#### PROBLEM REQUIREMENTS
Images are not part of the copy; write out the rest of the data exactly as given.

#### Items listed in a dataset
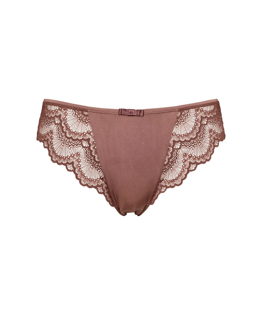 Elegant taitrusse fra Missya designet med en fin blonde på trussens side- og bagstykke. Taitrussen er den bedstsolgte og mest almindelige trussetype. Taitrussen har som regel et skråt snit bagpå og dækker det meste af balderne. Et højt bensnit fortil og et smalt sidestykke får benene til at syne længere – altså er modellen god til dig, der gerne vil fremhæve ben og tilføre optisk længde. Materiale: 90% polyamid, 10% elastan.
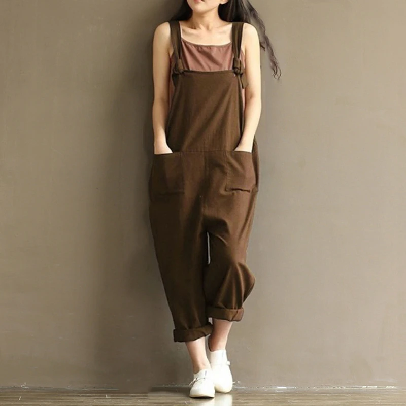 New Arrival 2018:: 2017 Oversized Women Strap Fashion Casual Loose Jumpsuit Pockets
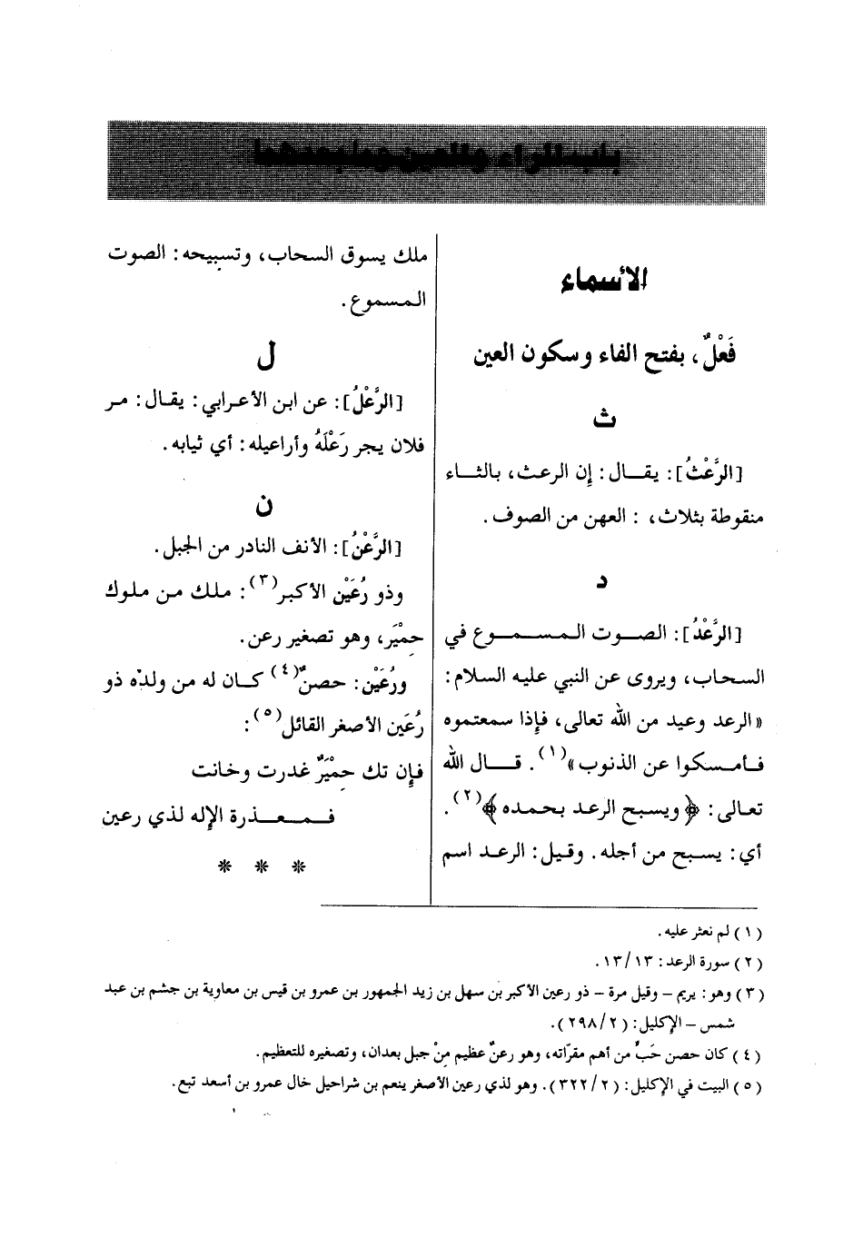 [الرَّعْدُ]: الصوت المسموع في السحاب،
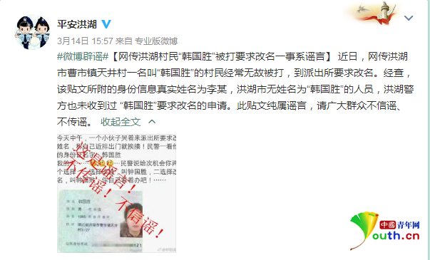 3月14日下午,湖北省洪湖市公安局官方微博@平安洪湖 發(fā)布微博辟謠稱,網(wǎng)傳洪湖村民"韓國勝"被打要求改名一事系謠言。
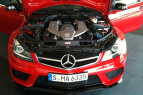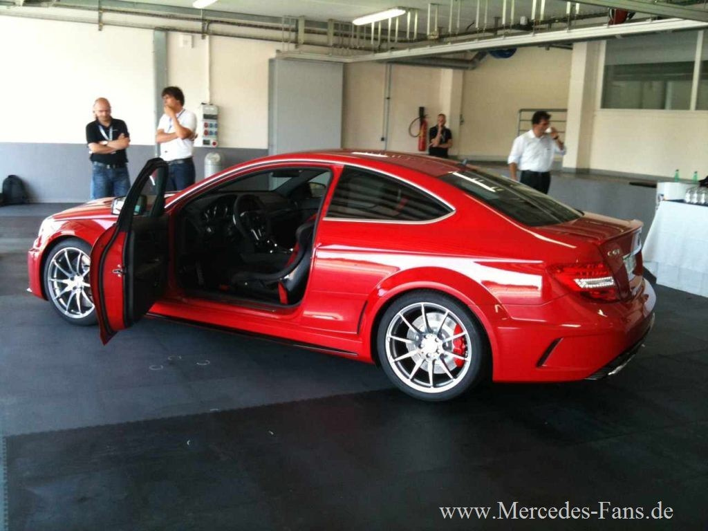 Er ist rassig. Er ist rot. Er ist heiß. und er ist völlig ungetarnt. Der Mercedes-Benz C63 AMG Black Series zeigt sich scharf und schnittig in voller Schönheit - und zwar schon vor dem offiziellen Debüt, das für den F1 GP am Nürbrugring geplant ist. Wir wissen nicht, wer die Bilder wann und wo gemacht hat. Offenbar waren es schnelle Schnappschüsse eines Anonymus, der zugegen war, als Mercedes-AMG Mitarbeiter das kommende superstarke C-Klasse Coupé in einer Garage inspizierten oder was auch immer mit dem Wagen machten. Egal. Wichtig ist nur: Dank der undichten Stelle im System haben wr die freie Aussicht auf den neuen Superstar unter den Coupés. Wie man sieht, wird der Mercedes C63 AMG Black Series 2012, der sich von einem 517 PS Aggregat antreiben lassen wird, extrem bulligr und wuchtig ins Rollen kommen.
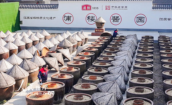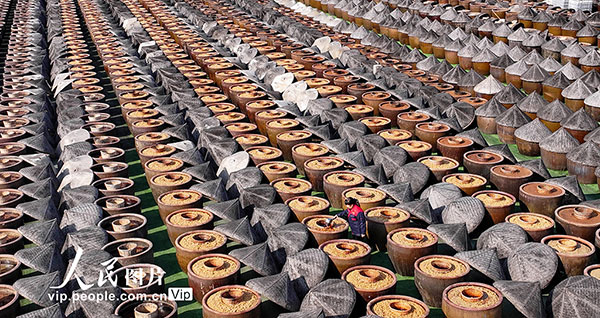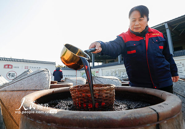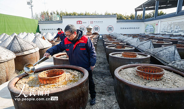 2026年1月8日,江苏淮安浦楼酱醋食品有限公司晒场内,工人正进行淋晒作业。采用古法酿晒的红汤、白汤酱油,酱香浓郁,弥漫在空气中。赵启瑞摄(人民图片网)

#### WRITTEN REPLY
 Elegant taitrusse fra Missya designet med en fin blonde på trussens side- og bagstykke. Taitrussen er den bedstsolgte og mest almindelige trussetype. Taitrussen har som regel et skråt snit bagpå og dækker det meste af balderne. Et højt bensnit fortil og et smalt sidestykke får benene til at syne længere – altså er modellen god til dig, der gerne vil fremhæve ben og tilføre optisk længde. Materiale: 90% polyamid, 10% elastan.
 New Arrival 2018:: 2017 Oversized Women Strap Fashion Casual Loose Jumpsuit Pockets
 [الرَّعْدُ]: الصوت المسموع في السحاب،
 3月14日下午,湖北省洪湖市公安局官方微博@平安洪湖 發(fā)布微博辟謠稱,網(wǎng)傳洪湖村民"韓國勝"被打要求改名一事系謠言。
 Er ist rassig. Er ist rot. Er ist heiß. und er ist völlig ungetarnt. Der Mercedes-Benz C63 AMG Black Series zeigt sich scharf und schnittig in voller Schönheit - und zwar schon vor dem offiziellen Debüt, das für den F1 GP am Nürbrugring geplant ist. Wir wissen nicht, wer die Bilder wann und wo gemacht hat. Offenbar waren es schnelle Schnappschüsse eines Anonymus, der zugegen war, als Mercedes-AMG Mitarbeiter das kommende superstarke C-Klasse Coupé in einer Garage inspizierten oder was auch immer mit dem Wagen machten. Egal. Wichtig ist nur: Dank der undichten Stelle im System haben wr die freie Aussicht auf den neuen Superstar unter den Coupés. Wie man sieht, wird der Mercedes C63 AMG Black Series 2012, der sich von einem 517 PS Aggregat antreiben lassen wird, extrem bulligr und wuchtig ins Rollen kommen.
 2026年1月8日,江苏淮安浦楼酱醋食品有限公司晒场内,工人正进行淋晒作业。采用古法酿晒的红汤、白汤酱油,酱香浓郁,弥漫在空气中。赵启瑞摄(人民图片网)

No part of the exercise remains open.